When a stage fails or new information becomes available, the orchestrator can modify the active DAG:

- **Recoverable Error:** Retry or skip a failed node.  
- **Missing Input:** Insert a temporary *clarification node* to gather user input before resuming.  
- **Validation Failure:** Replace or re-run a stage using safer parameters.  

Example modification:
```json
{
  "dag_modification": {
    "action": "insert_node",
    "new_node": {
      "name": "clarify_input_source",
      "type": "user_interaction",
      "upstream": ["import"],
      "downstream": ["process"]
    }
  }
}
```

All DAG changes are logged to the Provenance Store for full transparency and reproducibility.

---

## Proactive Orchestration and Value Suggestion

Beyond reactive task handling, Zyra’s orchestrator can serve as a **proactive research assistant**, suggesting low-effort, high-value enhancements to user workflows.

### Example:  
**User Request:** “Generate a temperature anomaly map for 2020.”  
**Base Plan:** `import → process → visualize → export`  
**Proactive Suggestions:**
- Add `verify` stage → “Check data coverage consistency before plotting.”  
- Add `narrate` stage → “Generate a short summary for documentation.”  
- Add quick diagnostics → “Create a QC scatter plot for raw vs processed data.”  

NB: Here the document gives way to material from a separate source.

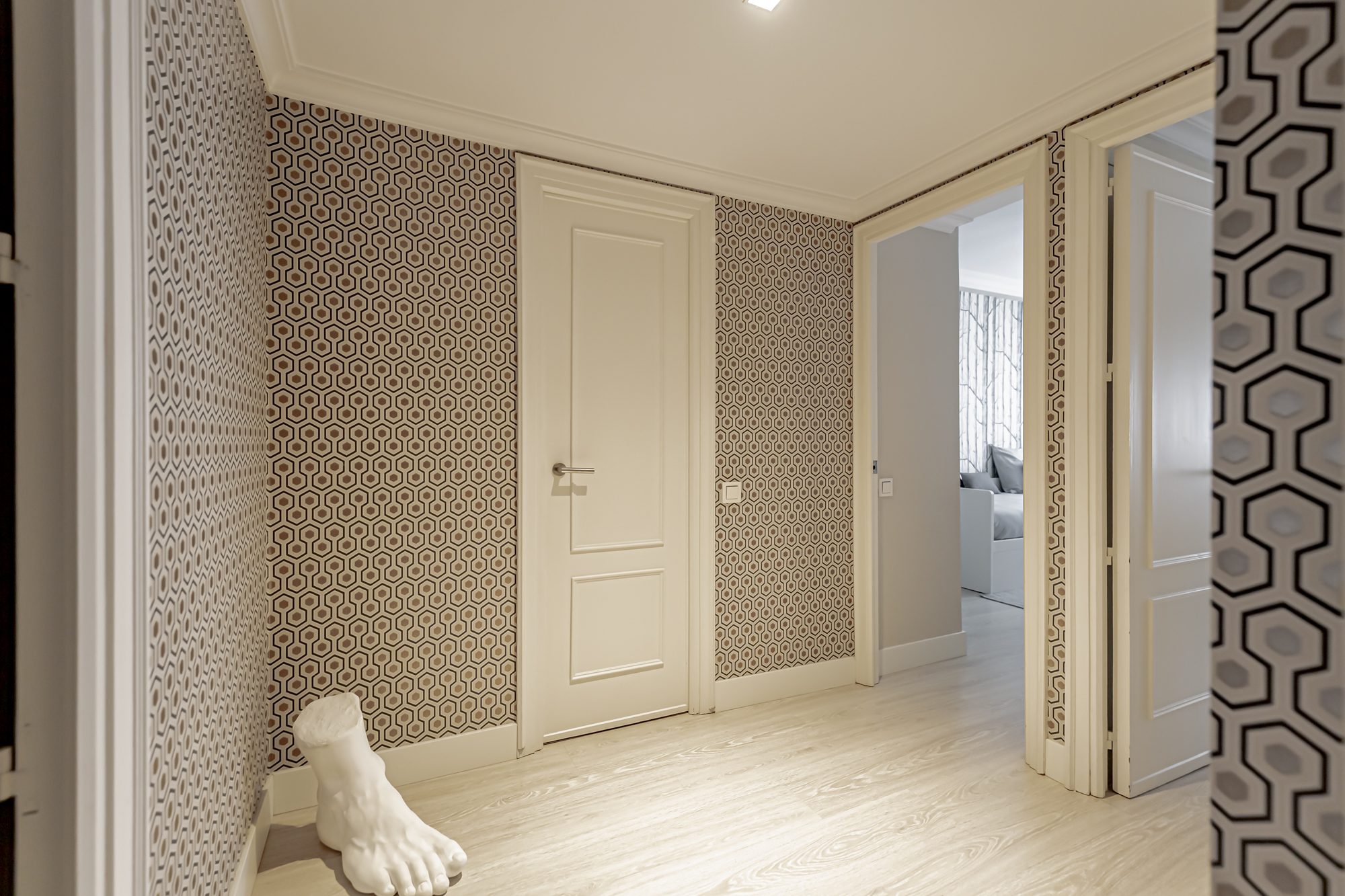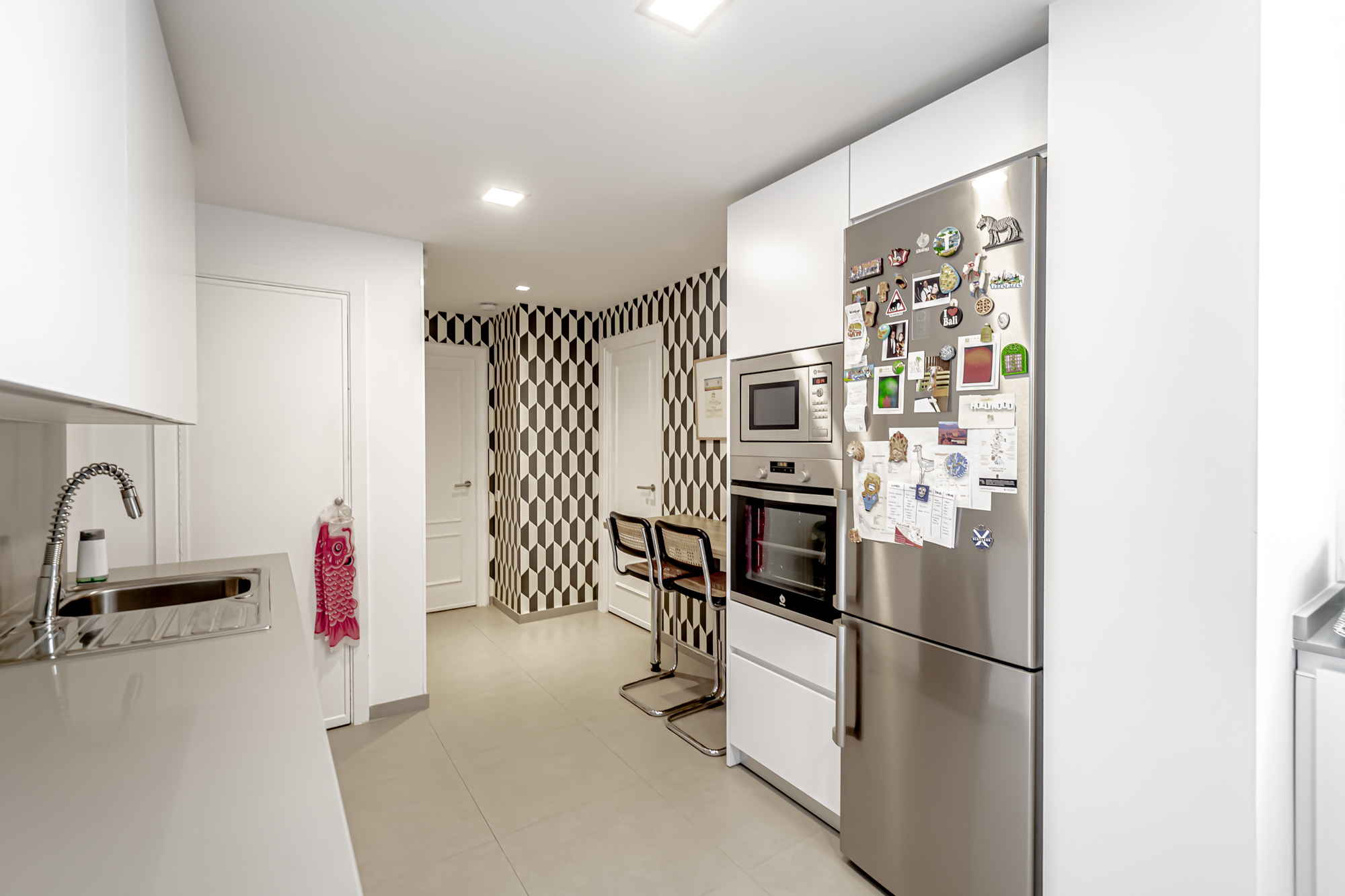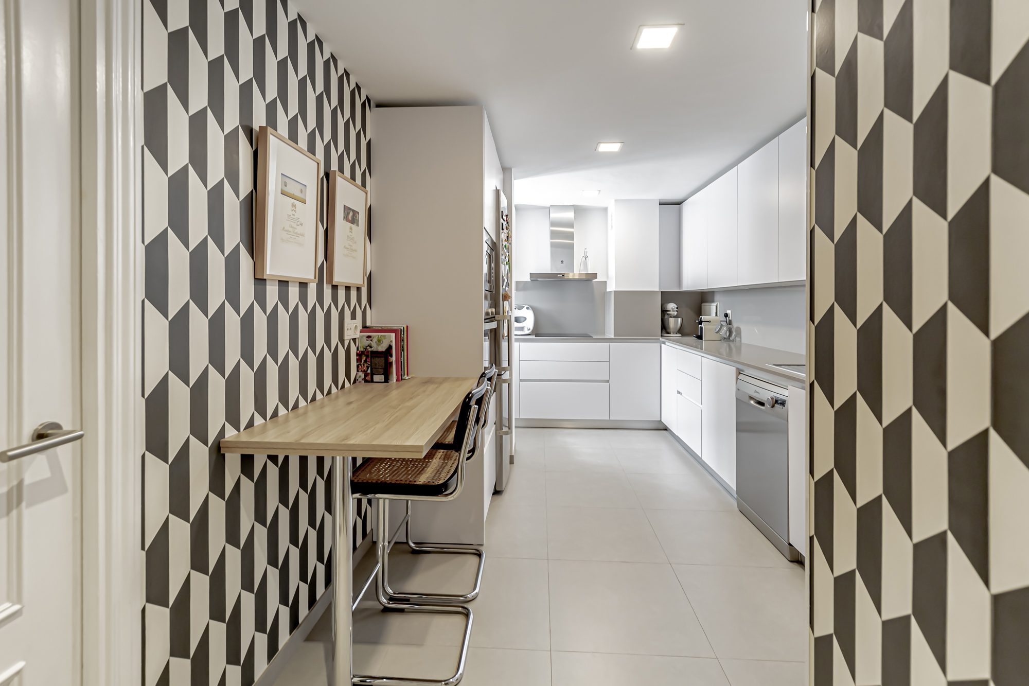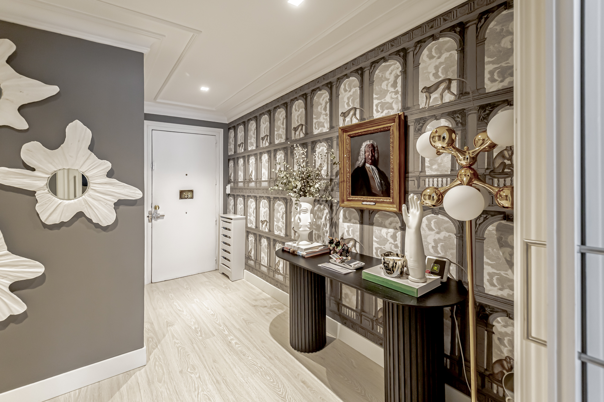La propiedad, situada en una quinta planta, sorprende por su decoración, papeles pintados, muebles de diseño y una excelente distribución:

### Implementation Outline

| Component | Role |
|------------|------|
| **ValueEngine (new)** | Evaluates DAG and provenance for potential low-cost augmentations. |
| **Planner** | Accepts optional “suggested nodes” from ValueEngine. |
| **Validator** | Ensures additions are safe and compatible. |
| **User Interaction** | Presents suggestions to user for acceptance or dismissal. |
| **Provenance** | Logs which suggestions were made, accepted, or rejected. |

**Example JSON Output:**
```json
{
  "augmentations": [
    {
      "stage": "verify",
      "description": "Add statistical verification of processed data",
      "confidence": 0.92
    },
    {
      "stage": "narrate",
      "description": "Generate a summary paragraph explaining the map",
      "confidence": 0.88
    }
  ]
}
```

This transforms the orchestrator into an **active collaborator** that enhances scientific value without user burden.

---

## Recommended System Prompt Structure

The LLM system prompt focuses solely on reasoning, not execution:

```json
{
  "intent": "<summary of user goal>",
  "stages": [
    {"name": "<zyra_stage_name>", "description": "<purpose>", "inputs": [], "outputs": []}
  ],
  "dependencies": {"stage": ["upstream_stage"]},
  "clarifications_needed": ["<missing_info>"]
}
```

- **Always returns JSON.**
- **No unstructured text or code.**
- **Clarifications trigger user feedback loops.**

---

## Best Practices

- Keep orchestration **deterministic** and **auditable**.  
- Restrict the LLM to **interpretation**, not execution.  
- Validate all plans before execution.  
- Support human-in-the-loop recovery for incomplete or ambiguous requests.  
- Use provenance and Guardrails to maintain safety and reproducibility.  
- Enable proactive, context-aware suggestions to add scientific value.